Opinion
December 24, 1980
Appeal from the Supreme Court, Albany County, EDWARD S. CONWAY, J.
Robert Abrams, Attorney-General (Henderson G. Riggs, William J. Kogan and Shirley Adelson Siegel of counsel), for appellant.
Harold L. Solomon for respondents.
At issue in this proceeding is the validity of an age requirement applicable to candidates for appointment as members of the New York State Police. Subdivision 3 of section 215 Exec. of the Executive Law provides, in part, that: "The members of the New York state police shall be appointed by the superintendent and permanent appointees may be removed by him only after a hearing. No person shall be appointed to the New York state police force unless he shall be a citizen of the United States, between the ages of twenty-one and twenty-nine years except that the superintendent, in his discretion, may extend the maximum age to thirty-five years. Notwithstanding any other provision of law or any general or special law to the contrary the time spent on military duty, not exceeding a total of six years, shall be subtracted from the age of any applicant who has passed his twenty-ninth birthday, solely for the purpose of permitting qualification as to age and for no other purpose." Respondent's regulation dealing with this feature of the statute ( 9 NYCRR 475.1) contains no further elaboration; it merely recites that:
"(a) Appointment to the position of trooper in the New York State Police shall be made from an eligible list which has been established by competitive examination.
"(b) An applicant must be a citizen of the United States between the ages of 21 and 29 (except that the superintendent may extend the maximum age to 35), be of good moral character, pass a physical and mental examination and meet such other standards as are set by the superintendent.
"(c) Appointments shall be probationary for a period of 52 weeks following the effective date of appointment. Upon satisfactory completion of the period of probation, appointments will become permanent."
Petitioners sought to take a competitive examination for the position of trooper, but each was advised that he was overage and would not be permitted to do so. Although all were well under 35, two of them were born more than 29 years before April 7, 1979, the date of the scheduled examination, while the third, even if successful on the test, would have become 29 prior to the expected September, 1979 appointment date. All possessed various degrees of experience in the field of law enforcement, but none claimed any previous military duty. Upon these undisputed facts, Special Term granted their petition, in what was styled a CPLR article 78 proceeding, and directed respondent to allow them to take the examination. It ruled that in the absence of appropriate standards, the discretion conferred on respondent violated the equal protection clause of the New York Constitution (N.Y. Const, art I, § 11). In our opinion, a dismissal of the petition is mandated.

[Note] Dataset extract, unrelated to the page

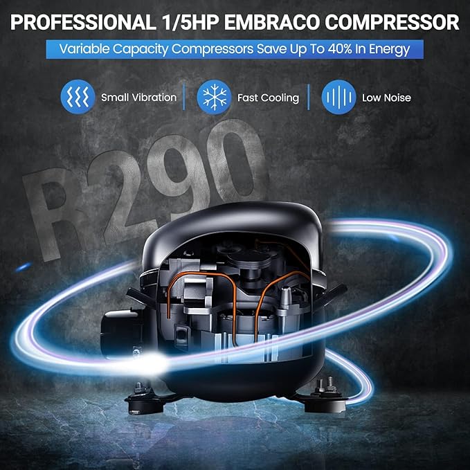 - Digital Temp Control Drink Cooler with Auto Defrost: 33-41℉ precise regulation for this commercial cooler—Using R290 refrigeration, coupled with a powerful fan and a high-efficiency brand compressor, effectively increases cooling speed. Automatic defrosting technology eliminates the hassle of manual defrosting and prevents moisture from obstructing the view from glass doors. This drink fridge operates at a noise level of less than 48dB, so it won't be too noisy even in a quiet environment

Initially, we note that the constitutional permissibility of the type of veterans' preference encountered herein is not at stake in this proceeding. Despite respondent's assertion to the contrary, the exercise of discretion on his part is not made subject to the existence of a precondition. The plain language of the statute reveals that the provision governing military duty is an entirely separate matter which does not appear to involve any element of judgment. Although petitioners have suggested that the maximum age limitation of 29 years is invalid, their position is meritless in that regard (see Matter of Figueroa v. Bronstein, 38 N.Y.2d 533, app dsmd 429 U.S. 806) and, since it was not alleged that they asked respondent to invoke his powers of discretion in their favor, the only pertinent inquiry might be whether the discretionary authority to extend such limitation to age 35 is offensive to some constitutional principle. However, the question need not be addressed for, even if it were assumed that this portion of the statute represented an unlawful delegation of lawmaking power (cf. Matter of Nicholas v. Kahn, 47 N.Y.2d 24, 31), the claimed deficiency would not benefit these petitioners. The Legislature did not broadly say respondent might appoint those under 35 years of age; it specified instead that none over 29 were eligible for appointment unless he, in the exercise of discretion, decided to extend that primary limitation. A declaration striking down this flexibility as unconstitutional would leave a proper maximum age limitation of 29 years fully intact. Thus, we decline to convert this proceeding into an action for declaratory relief merely to reach an issue which is academic. The instant petition should be dismissed.
The judgment should be reversed, on the law, and the petition dismissed, without costs.
GREENBLOTT, J.P., SWEENEY, MIKOLL and CASEY, JJ., concur.
Judgment reversed, on the law, and petition dismissed, without costs.